Monthly Archives: June 2016

Unicode 9.0

The Unicode Consortium has announced the release of Unicode 9.0. It adds character sets for some little-known languages, including Osage, Nepal Bhasa, Fulani, the Bravanese dialect of Swahili, the Warsh orthography for Arabic, and Tangut. It updates the collation specification and security recommendations.

Most Unicode implementations will require just font upgrades, but full support of some of the more unusual scripts will require attention to the migration notes.

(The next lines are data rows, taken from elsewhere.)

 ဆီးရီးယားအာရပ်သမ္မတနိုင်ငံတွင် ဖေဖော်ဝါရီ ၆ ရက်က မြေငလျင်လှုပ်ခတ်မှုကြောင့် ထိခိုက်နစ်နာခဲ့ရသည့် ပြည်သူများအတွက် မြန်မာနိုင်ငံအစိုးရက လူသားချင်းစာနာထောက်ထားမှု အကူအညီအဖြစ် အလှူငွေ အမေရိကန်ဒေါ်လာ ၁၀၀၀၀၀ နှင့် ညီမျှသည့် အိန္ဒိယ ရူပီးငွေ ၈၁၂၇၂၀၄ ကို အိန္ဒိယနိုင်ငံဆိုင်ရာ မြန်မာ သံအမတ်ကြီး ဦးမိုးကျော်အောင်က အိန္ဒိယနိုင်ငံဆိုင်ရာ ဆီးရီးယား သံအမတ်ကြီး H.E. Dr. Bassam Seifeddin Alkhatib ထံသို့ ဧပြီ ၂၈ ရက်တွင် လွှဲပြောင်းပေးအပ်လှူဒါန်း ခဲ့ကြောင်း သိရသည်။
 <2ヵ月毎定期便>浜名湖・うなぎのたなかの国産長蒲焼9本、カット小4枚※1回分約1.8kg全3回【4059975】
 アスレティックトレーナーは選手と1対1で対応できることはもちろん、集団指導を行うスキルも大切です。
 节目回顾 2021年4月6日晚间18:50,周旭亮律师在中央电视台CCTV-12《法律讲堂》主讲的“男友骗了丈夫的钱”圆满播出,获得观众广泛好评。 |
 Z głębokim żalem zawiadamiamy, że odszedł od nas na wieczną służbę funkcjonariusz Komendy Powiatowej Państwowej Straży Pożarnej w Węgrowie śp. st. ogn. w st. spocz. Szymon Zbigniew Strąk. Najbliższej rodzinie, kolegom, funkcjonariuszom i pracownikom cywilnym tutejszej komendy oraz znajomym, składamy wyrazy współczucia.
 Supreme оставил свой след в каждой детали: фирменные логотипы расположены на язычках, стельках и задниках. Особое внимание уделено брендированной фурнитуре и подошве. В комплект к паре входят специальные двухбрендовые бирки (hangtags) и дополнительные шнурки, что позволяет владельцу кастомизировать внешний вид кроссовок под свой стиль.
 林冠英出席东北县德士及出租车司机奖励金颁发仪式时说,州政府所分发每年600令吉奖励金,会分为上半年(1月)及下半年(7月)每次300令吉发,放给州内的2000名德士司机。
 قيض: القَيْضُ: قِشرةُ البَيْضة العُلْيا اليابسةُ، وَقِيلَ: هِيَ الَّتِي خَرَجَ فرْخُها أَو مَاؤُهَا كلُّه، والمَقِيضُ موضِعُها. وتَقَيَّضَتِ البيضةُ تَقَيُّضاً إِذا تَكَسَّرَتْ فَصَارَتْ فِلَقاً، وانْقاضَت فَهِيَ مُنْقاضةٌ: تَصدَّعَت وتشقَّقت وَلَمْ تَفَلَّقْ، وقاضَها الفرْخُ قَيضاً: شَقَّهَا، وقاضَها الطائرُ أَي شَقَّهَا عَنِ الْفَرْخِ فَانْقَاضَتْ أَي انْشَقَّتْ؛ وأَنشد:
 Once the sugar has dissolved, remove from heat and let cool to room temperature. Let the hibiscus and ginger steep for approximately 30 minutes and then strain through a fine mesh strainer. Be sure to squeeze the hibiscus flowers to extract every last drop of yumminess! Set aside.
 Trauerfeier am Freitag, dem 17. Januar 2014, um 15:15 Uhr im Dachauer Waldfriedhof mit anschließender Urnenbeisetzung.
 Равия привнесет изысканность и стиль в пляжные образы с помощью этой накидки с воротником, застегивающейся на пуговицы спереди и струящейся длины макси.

“Asymmetric case mapping” sounds interesting. I believe this means that the conversion between upper case and lower case isn’t one-to-one and reversible. The notes give the example of “the asymmetric case mapping of Greek final sigma to capital sigma.” Lowercase sigma has two forms; it’s σ except at the end of a word, where it’s ς. Both turn into Σ in uppercase.

What really has people excited about Unicode 9, if a Startpage search is any indication, isn’t any of these things, but that about 1% of the new characters are emoji and that Apple and Microsoft lobbied against one candidate emoji. I wonder if the Unicode Consortium regrets having gotten involved in that mess in the first place. There are no possible criteria except whims for what the set should include. There’s no limit on how many could be added. OK, having a universally set of encodings promotes information interchange, but the tail is wagging the 🐕.

By the way, what’s the plural of “emoji”? I use “emoji” as both singular and plural, but I’m seeing “emojis” with increasing frequency. It just looks wrong to me. Does anyone say “kanjis” or “romajis” for the other Japanese character sets? I had to argue with the editor to keep the title of my article “The War on Emoji” that way.

Don’t hide those file extensions!

Lately I’ve ghostwritten several pieces on Internet security and how to protect yourself against malicious files. One point comes up over and over: Don’t hide file extensions! If you get a file called Evilware.pdf.exe, then Microsoft thinks you should see it as Evilware.pdf. The default setting on Windows conceals file extensions from you; you have to change a setting to view files by their actual names.

What’s this supposed to accomplish, besides making you think executable files are just documents? I keep seeing vague statements that this somehow “simplifies” things for users. If they see a file called “Document.pdf,” Microsoft’s marketing department thinks people will say, “What’s that .pdf at the end of the name? This is too bewildering and technical for me! I give up on this computer!”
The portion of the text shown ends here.